从固定人口长度生成随机唯一数字的问题

huangapple go评论161阅读模式
英文:

Problem to generate random unique numbers from fixed population length

问题

Here's the translation of the code-related portion:

以下是代码相关部分的翻译:

1轮:
人口规模:2,000,000
样本:400,000
List result = new ArrayList(sample);

我将数字保存在一个名为perm[]的变量中,所以:
int perm[] = new int[population]

public List generateRandomNumbers(int population, Set setListStringSeen, int sample)
{
for (int i = 0; i < sample; i++)
{
// 生成在 i 和 population-i 之间的随机整数
k = i + (int) (Math.random() * (population - i));

 if(setListStringSeen.contains(k))
 {    
     // 这里的问题是:当我在这里检查,如果新生成的数字
     // 已经被看到,我需要再次生成一个新数字。
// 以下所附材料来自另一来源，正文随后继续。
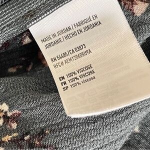 Slate gray (gray blue) with light pink allover print lightweight top featuring a tie front that creates a cutout opening just below it. This gives the top a fit & flare silhouette with the addition of an elastic band at the bottom portion of the front opening, ensuring a perfect fit.
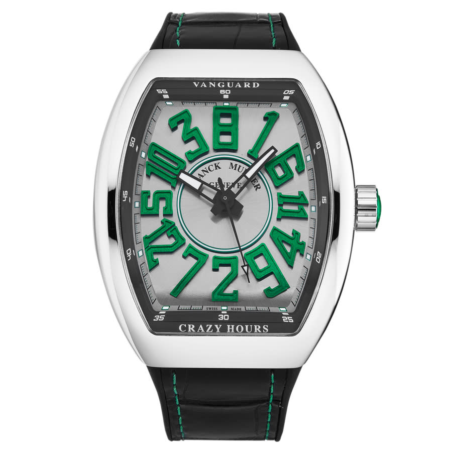 Stainless steel case with a black rubber strap. Fixed stainless steel bezel. Silver dial with black hands and Arabic numeral hour markers. Minute markers around the outer rim. Dial Type: Analog. Luminescent hands and markers. Automatic movement. Scratch resistant sapphire crystal. Screw down crown. Solid case back. Tonneau case shape. Case size: 45 mm. Case thickness: 14 mm. Band width: 27 mm. Band length: 8 inches. Deployment clasp with a push button release. Water resistant at 30 meters / 100 feet. Functions: hour, minute, second. Vanguard Crazy Hours Series. Luxury watch style. Watch label: Swiss Made. Franck Muller Vanguard Crazy Hours Automatic Silver Dial Mens Watch 45CHACBRGR.

但在这种情况下,
     // 下一个数字还需要再次检查,因为它也可能已经被看到。
     // 如何结束这个检查循环呢?

	k = i + (int) (Math.random() * (population - i));
	
	if(setListStringSeen.contains(k))
	{
		System.out.println("我们之前已经选择过这个数字");
	}
	
	setListStringSeen.add(k);			
	
  }

  int t = perm[k];
  perm[k] = perm[i];
  perm[i] = t;

}

for (int i = 0; i < sample; i++)
{
result.add(perm[i]);
}

在1轮结束时,将生成的所有数字添加到HashSet中:

setListStringSeen.addAll(result);

return result;
}

现在让我们来到第2轮:
假设我们想生成20,000个新数字:
我想要的是,通过检查HashSet变量,检查在第二轮中将要生成的这些数字是否已经被看到。有关如何做到这一点的任何想法吗?

英文:

I have a problem here which is: I need to generate random numbers given a fixed length, and every time I generate those numbers, I need to check if it was already seen or not.

Example: my fixed population size is 2.000.000. So, for example, in the first round of my algorithm, my sample size is 400.000. I need to generate 400.000 over 2.000.000. After generating those random numbers, I save them in a HashSet.

In a second rand of my algorithm, let's say I want to generate 20.000 random numbers, but I need to check with those 20.000 numbers was already seen or not by looking at the HashSet (which contains the 400.000 initial numbers from the 1 round).

This is what I got so far:

1 round: 
         population size: 2.000.000
         sample: 400.000
	     List&lt;Integer&gt; result = new ArrayList&lt;Integer&gt;(sample);

         I save the numbers in a variable called perm[],so :
         int perm[] = new int[population]

  public List&lt;Integer&gt; generateRandomNumbers (int population, Set&lt;Integer&gt; setListStringSeen, int sample)
  {
   for (int i = 0; i &lt; sample; i++)  
   {
	  // random integer between i and population-i
	  k = i + (int) (Math.random() * (population - i));
					
	 if(setListStringSeen.contains(k))
	 {    
         // the problem here is: when I check here and if the newly generated number
         // was already see, I need to generate again a new number. But in this case,
         // the next number need to be checked again, because it could be seen too.
         // how can I end up this loop of checking?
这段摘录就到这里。